Provided data START
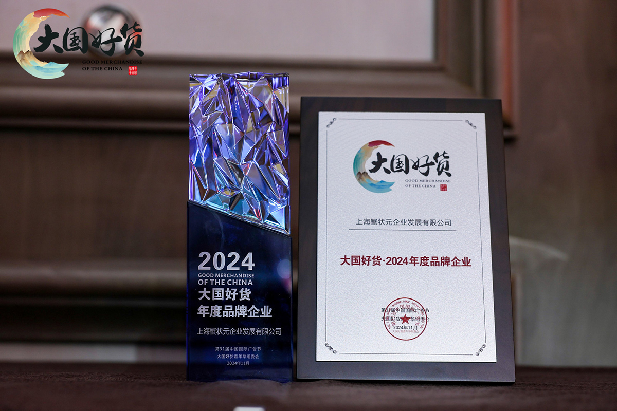 28日晚,第31届中国国际广告节交流晚宴暨大国好货2024年度品牌授牌仪式上,蟹状元凭借卓越的品牌表现与广泛的市场影响力,荣获“大国好货·2024年度品牌企业”殊荣,这既是对其品牌实力的有力证明,也是对其在推动行业发展、促进消费升级方面所做贡献的高度认可。
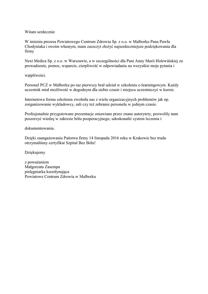 Witam serdecznie W imieniu prezesa Powiatowego Centrum Zdrowia Sp. z o.o. w Malborku Pana Pawła Chodyniaka i swoim własnym, mam zaszczyt złożyć najserdeczniejsze podziękowania dla firmy Next Medica Sp. z o.o. w Warszawie, a w szczególności dla Pani Anny Marii Holewińskiej za prowadzenie, pomoc, wsparcie, cierpliwość w odpowiadaniu na wszystkie moje pytania i wątpliwości. Personel PCZ w Malborku po raz pierwszy brał udział w szkoleniu e-learningowym. Każdy uczestnik miał możliwość w dogodnym dla siebie czasie i miejscu uczestniczyć w kursie. Internetowa forma szkolenia zwolniła nas z wielu organizacyjnych problemów jak np. zorganizowanie wykładowcy, sali czy też zebranie personelu w jednym czasie. Profesjonalnie przygotowane prezentacje omawiane przez znane autorytety, pozwoliły nam poszerzyć wiedzę w zakresie bólu pooperacyjnego, udoskonalić system leczenia i dokumentowania. Dzięki zaangażowaniu Państwa firmy 14 listopada 2016 roku w Krakowie bez trudu otrzymaliśmy certyfikat Szpital Bez Bólu! Dziękujemy z poważaniem Małgorzata Zasempa pielęgniarka koordynująca Powiatowe Centrum Zdrowia w Malborku
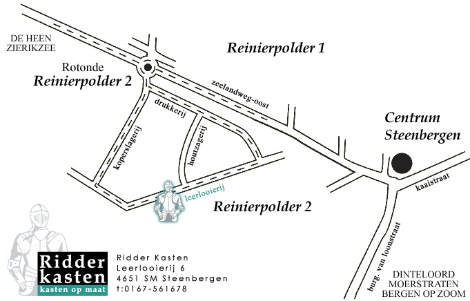 Ridder kasten kasten op maat vindt u op bedrijventerrein Reinierpolder in Steenbergen. Goed te bereiken en ruime parkeergelegenheid.
Provided data END
◆ Problem: Could you write out the whole listing exactly, skipping every picture?

◆ Response for this exercise:
 28日晚,第31届中国国际广告节交流晚宴暨大国好货2024年度品牌授牌仪式上,蟹状元凭借卓越的品牌表现与广泛的市场影响力,荣获“大国好货·2024年度品牌企业”殊荣,这既是对其品牌实力的有力证明,也是对其在推动行业发展、促进消费升级方面所做贡献的高度认可。
 Witam serdecznie W imieniu prezesa Powiatowego Centrum Zdrowia Sp. z o.o. w Malborku Pana Pawła Chodyniaka i swoim własnym, mam zaszczyt złożyć najserdeczniejsze podziękowania dla firmy Next Medica Sp. z o.o. w Warszawie, a w szczególności dla Pani Anny Marii Holewińskiej za prowadzenie, pomoc, wsparcie, cierpliwość w odpowiadaniu na wszystkie moje pytania i wątpliwości. Personel PCZ w Malborku po raz pierwszy brał udział w szkoleniu e-learningowym. Każdy uczestnik miał możliwość w dogodnym dla siebie czasie i miejscu uczestniczyć w kursie. Internetowa forma szkolenia zwolniła nas z wielu organizacyjnych problemów jak np. zorganizowanie wykładowcy, sali czy też zebranie personelu w jednym czasie. Profesjonalnie przygotowane prezentacje omawiane przez znane autorytety, pozwoliły nam poszerzyć wiedzę w zakresie bólu pooperacyjnego, udoskonalić system leczenia i dokumentowania. Dzięki zaangażowaniu Państwa firmy 14 listopada 2016 roku w Krakowie bez trudu otrzymaliśmy certyfikat Szpital Bez Bólu! Dziękujemy z poważaniem Małgorzata Zasempa pielęgniarka koordynująca Powiatowe Centrum Zdrowia w Malborku
 Ridder kasten kasten op maat vindt u op bedrijventerrein Reinierpolder in Steenbergen. Goed te bereiken en ruime parkeergelegenheid.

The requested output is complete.